English hornets (wasps) scare the living crap out of me

spoco2 says...

>> ^xxovercastxx:
Thank you, Zonbie, for being a voice of reason in this thread. The European hornet is not aggressive unless defending a nest and the males are not even equipped with a stinger.
Spoco, the European wasp and hornet are not the same animal. The wasp is as you describe: aggressive, frail and interested in human food. The hornet is none of these.
Excluding those with allergies, I don't get the terror people have of bees/wasps/hornets/etc. Being stung is really not a big deal. Certainly no reason to call for a hunt to extinction.


Thanks for the clarification overcast, that does clear things up a bit. I don't dislike bees at all, they leave us alone, it's the aggressiveness of the European wasps I hate, they damn well chase you around (and the kids, I predominantly am trying to keep them from the kids, I'd rather not have a screaming kid on my hands). If they just left us alone I'd be fine with them, but they really are aggressive bastards, and their sting hurts enough that I'd rather them not be around.

Plus they're introduced to this country, so we should be able to eradicate them with impunity... (ok, don't extend that too far else all people in this country other than Aboriginals fit in the same basket)

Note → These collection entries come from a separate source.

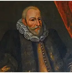 In 1613, William Jones, a prominent merchant and haberdasher, gave the Haberdashers’ Company £6,000, followed by a further £3,000 bequeathed in his will on his death in 1615, to "ordaine a preacher, a Free-School and Almes-houses for twenty poor and old distressed people, as blind and lame, as it shall seem best to them, of the Towne of Monmouth, where it shall be bestowed".[3] Jones was born at Newland, Gloucestershire[4] and brought up in Monmouth, leaving to make a sizeable fortune as a London merchant engaged in the cloth trade with the continent.[a][6] The motivations for his bequest appear partly philanthropic and partly evangelical; the county of Monmouthshire in the early 17th century had a significant Catholic presence[7] and the local historian Keith Kissack noted, "the priority given to the preacher illustrates [Jones's] concern to convert an area in the Marches which was still, when the school opened in 1614, strongly recusant".[b][9] The order for the establishment of the school was made, retrospectively by James I in 1616 and decreed "for ever in the town of Monmouth, one almshouse and one free grammar school".[10]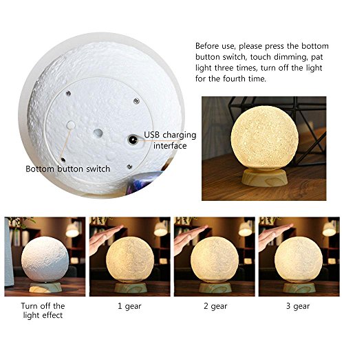 - 敏感なタッチコントロール : 月のナイトランプの明るさを変えることができます。長押しでランプの明るさを滑らかに調節できます。明るさは簡単に調節でき、お子様が睡眠するのに適した明るさで、家の装飾にも適しています。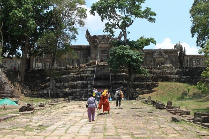 Dernière journée à Angkor, que je vais mettre à profit pour visiter un des temples les plus éloignés : le Preah Vihear qui me fait rêver depuis bien des années. C’est un temple construit au XIe siècle, dédié à l’origine à Shiva, maintenant lieu de pèlerinage bouddhiste.Depuis 1953, il est source d’un conflit frontalier entre le Cambodge et la Thaïlande qui aimerait bien se l’approprier, surtout depuis qu’il a été classé au patrimoine mondial de l’UNESCO. Des échanges de tirs ont eu lieu il y a quelques années, depuis, la frontière est fermée entre les deux pays au nord du temple.Le temple est construit sur une montagne qui domine de 500 m la plaine cambodgienne. Très peu de touristes le visitent car il y a environ 3 H 30 de route depuis Siem Reap. Je suis très enthousiaste à l’idée de le découvrir enfin. Nous y allons en voiture avec Roth qui a une fois de plus emprunté la voiture de son beau-père. Nous partons à 7H30 sur une route assez bonne. Nous arrivons au pied de la colline vers 11 H. Il va maintenant falloir emprunter un pick-up pour monter jusqu’au temple. Il est interdit de monter par ses propres moyens, la route étant très escarpée.Il y a pas mal de visiteurs, uniquement des cambodgiens, et notamment un grand nombre de jeunes moines. Bien sûr, c’est dimanche et le Preah Vihear est un lieu de pèlerinage très prisé.Le temple tient ses promesses. Il est bien sûr très abîmé, mais l’atmosphère y est prenante.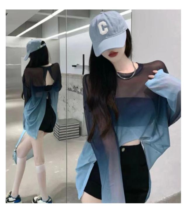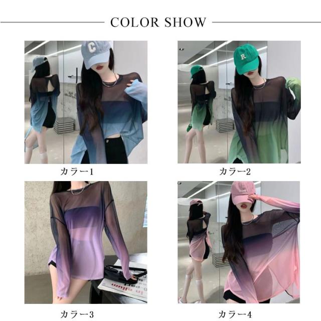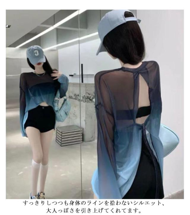 バックオープン×グラデーション!Tシャツ レディース トップス ロングTシャツ シアートップス ダンス衣装 ジャズダンス ヒップホップ 韓国ファション S M L XL
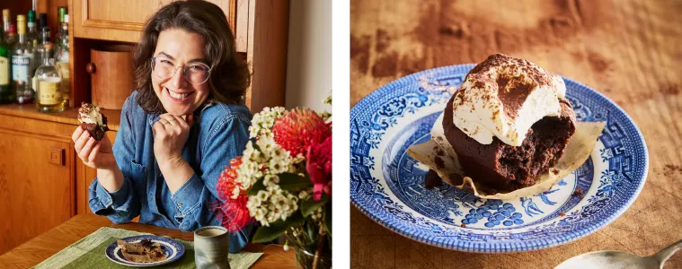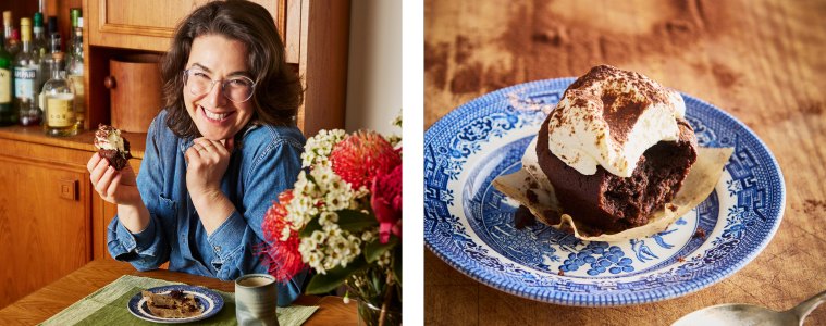 These are my kind of melt-n-mix mini puddings that are easiest of all to make, perfect for sharing, and they’re gluten-free! Baking cakes and puddings is always best done in a conventional oven, which is why most fan ovens provide a “conventional” setting. That way, the batter doesn’t rise too quickly and crack on you. Luckily, even if this happens, once they’re cooled, you can mask any funny business with a decadent dollop of fluffy-cloud cream and crème fraiche, which you can whisk by hand, or set and forget in your stand mixer. Think of the flavour profile as an Irish coffee, in solid form. The espresso and whiskey balances brilliantly with the broody sweetness of couverture chocolate and cocoa. ‘Couverture’ refers to the quality of the chocolate, with a greater percentage of cocoa butter and finer texture, which gives it that rich, melt-in-the-mouth result we crave in chocolate desserts. Indeed, with the surprising pops of salted chocolate already gilding this lily, you’re welcome to leave the whiskey (and even the coffee) out entirely if making these with the kiddies, swapping in 50ml of just-boiled water instead.

English hornets (wasps) scare the living crap out of me

xxovercastxx says...

Thank you, Zonbie, for being a voice of reason in this thread. The European hornet is not aggressive unless defending a nest and the males are not even equipped with a stinger.

Spoco, the European wasp and hornet are not the same animal. The wasp is as you describe: aggressive, frail and interested in human food. The hornet is none of these.

Excluding those with allergies, I don't get the terror people have of bees/wasps/hornets/etc. Being stung is really not a big deal. Certainly no reason to call for a hunt to extinction.